ABM
Happily Married In Music City, USA!
- Joined
- Sep 12, 2008
- Messages
- 31,865
- Likes
- 5,785
- Points
- 113
http://dimemag.com/2010/04/the-real...nubbed-in-2010/?utm_source=bleacherreport.com
.................Meanwhile, in Portland, Nate McMillan has been the most deserving Coach of the Year candidate that isn’t getting as much credit as he should. And the main reason he won’t win C.O.Y. is because the media predicted the Blazers would be good this year anyway. The fact that they are good, but not in the West’s Top-5 like most predicted, actually works against McMillan.
After losing his top two centers (Greg Oden and Joel Przybilla) to season-ending injuries relatively early in the schedule, McMillan had to — before the team was able to pick up Marcus Camby at the trade deadline — devise strategy to keep the Blazers in the playoff picture while playing 56-year-old Juwan Howard and little-used youngsters Dante Cunningham and Jeff Pendergraph in the post alongside LaMarcus Aldridge, who needs a tough-guy banger next to him to be most effective.
McMillan had to get Andre Miller, who appeared to be a mistake of a signing in training camp when he reportedly clashed with coaches and teammates, to play along with the system. He had to figure out when to play the veteran ‘Dre (who made it clear he sees himself as an NBA starting point guard and nothing less) as the lead guard and when to hand over the reigns to Brandon Roy, who is used to the role of running Portland’s offense in crunch time. And as the injuries piled up and even B-Roy got nicked up a bit, McMillan had to figure out how to best keep his star player from also physically falling apart while still trying to win games.
McMillan had to juggle playing time between a cast of small forwards — Rudy Fernandez, Martell Webster, Nic Batum — who are all young, who all want to play, and who have a diverse set of skills, and manage to keep them all happy and buying into the system. Keeping Rudy’s tendency to jack shots in check was one hurdle, and McMillan had success playing Webster as his defensive stopper at times during the season, although the book on Webster said he was little more than a spot-up shooter.

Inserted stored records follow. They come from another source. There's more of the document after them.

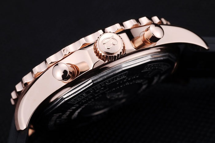 Krone: 18k Roségold cutwork Krone überzogen mit Breitling-logo und zwei kleinere Edelstahl Druckknopf Kronen auf beiden Seiten des it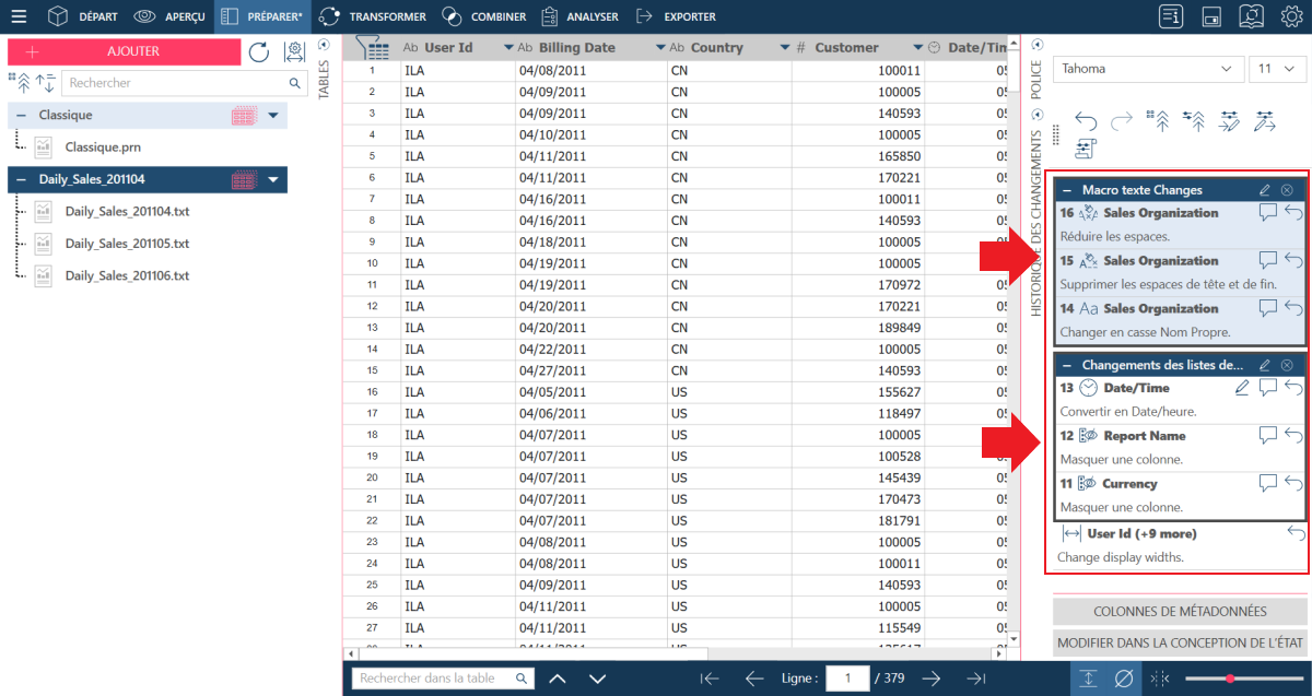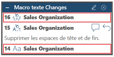 Par exemple, les changements associées à un modèle et à un état dans un projet créé dans Monarch Classic et ouvert dans Data Prep Studio seront regroupés en tant que changements « Monarch Import ». Lorsqu’une macro texte comporte plusieurs changements (par exemple, suppression des espaces en début et en fin de texte + passage en majuscules), ces changements sont regroupés sous l’appellation « Macro texte ». Autre exemple, tous les changements apportés à partir de la boîte de dialogue Liste des colonnes sont regroupés sous l’appellation « Changements de la liste des colonnes ».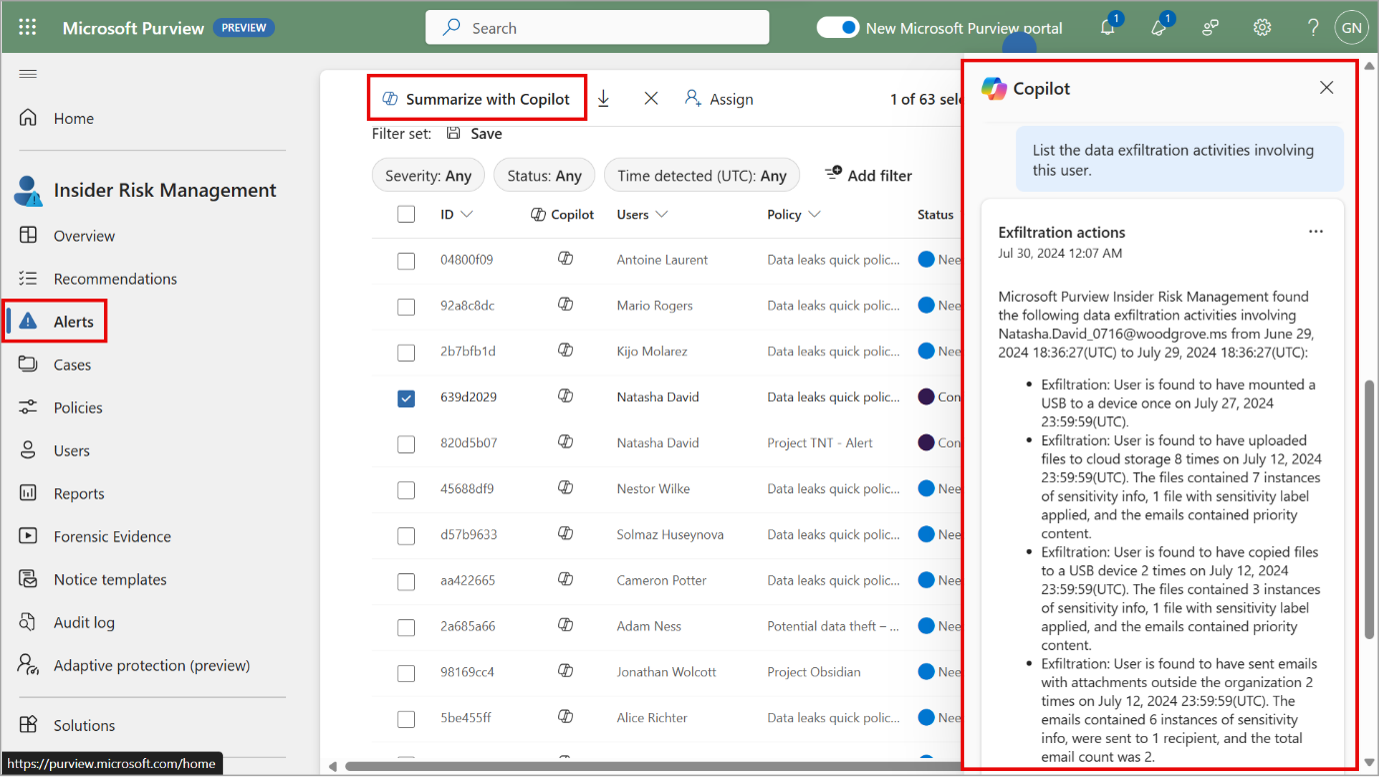 9. Microsoft Purview: Enhanced alert and user investigation with Microsoft Copilot for Security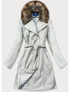 Ann Gissy Šedý dámský kabát s kožešinou (JC241)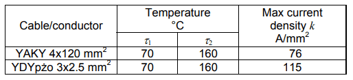 One can see that the temperature of the conductor YDYpżo 3×2.5 increases only slightly. In case of the cable YAKY 4×120, the increase is completely negligible.

Through all the injuries, potential chemistry landmines, personnel juggling and higher expectations (a real factor with a young team like Portland), it’s an astounding feat that McMillan has still guided his team to the playoffs in the tough Western Conference, even if it is as an 8-seed.
But will he be rewarded with the Coach of the Year trophy he clearly deserves? Probably not, because he was supposed to get Portland here anyway. The Blazers are who we thought they were, a playoff team with 1.5 “star” players who either gets KO’d in the first or second round. Maybe if the Blazers stink next year, then make it back to the playoffs in 2012, Nate will have his shot.